You have n processes forming a rooted tree structure. You are given two integer arrays pid and ppid, where pid[i] is the ID of the ith process and ppid[i] is the ID of the ith process’s parent process.

Each process has only one parent process but may have multiple children processes. Only one process has ppid[i] = 0, which means this process has no parent process (the root of the tree).

When a process is killed, all of its children processes will also be killed.

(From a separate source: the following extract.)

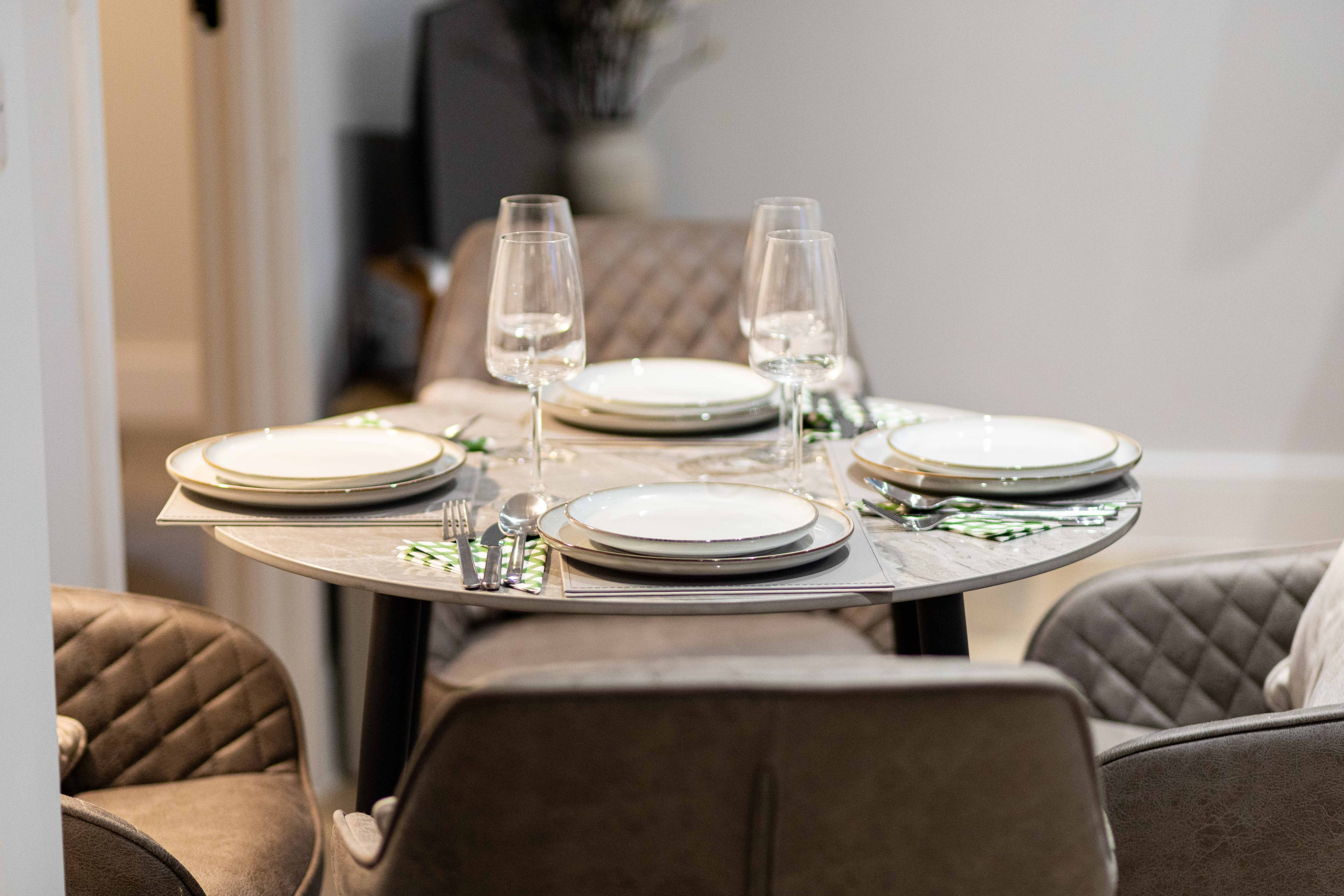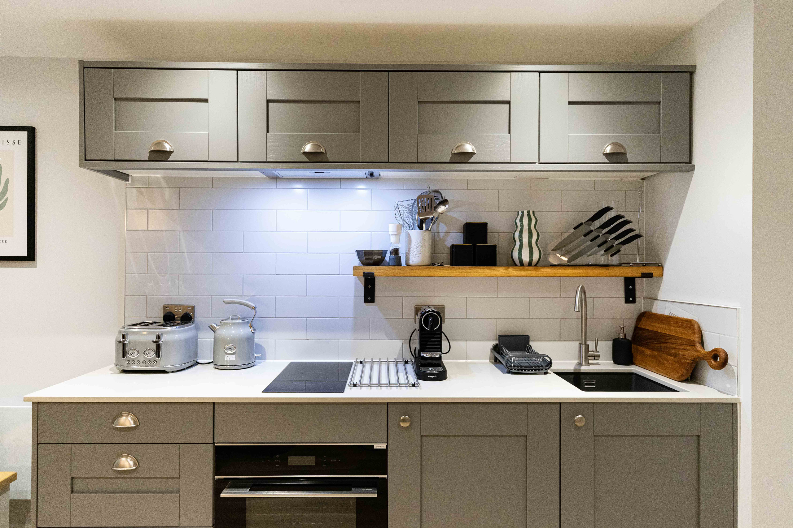 Kitchen area: Offering a fully integrated kitchen with a range of appliances and equipped with all you need for a self-catering stay including an electric oven, microwave, induction hob, Nespresso coffee machine and under-counter fridge with freezer drawer compartment.

Given an integer kill representing the ID of a process you want to kill, return a list of the IDs of the processes that will be killed. You may return the answer in any order.

Example 1:

Input: pid = [1,3,10,5], ppid = [3,0,5,3], kill = 5
Output: [5,10]
Explanation: The processes colored in red are the processes that should be killed.

Example 2:

Input: pid = [1], ppid = [0], kill = 1
Output: [1]

Constraints:

• n == pid.length
• n == ppid.length
• $1 <= n <= 5 * 10^4$
• $1 <= pid[i] <= 5 * 10^4$
• $0 <= ppid[i] <= 5 * 10^4$
• Only one process has no parent.
• All the values of pid are unique.
• kill is guaranteed to be in pid.

Code

class Solution {
    public List<Integer> killProcess(List<Integer> pid, List<Integer> ppid, int kill) {
        // parent: a list of child
        HashMap<Integer, List<Integer>> map = new HashMap<>();

        for(int i = 0; i < pid.size(); i++){
            int parent = ppid.get(i);
            int child = pid.get(i);
            if(!map.containsKey(parent)){
                map.put(parent, new ArrayList<>());
            }

            map.get(parent).add(child);
        }

        List<Integer> res = new ArrayList<>();

        dfs(res, map, kill);
        return res;
    }

    private void dfs(List<Integer> res, HashMap<Integer, List<Integer>> map, int kill){
        res.add(kill);
        if(!map.containsKey(kill)) return;

        for(int sub : map.get(kill)){
            dfs(res, map, sub);
        }
    }
}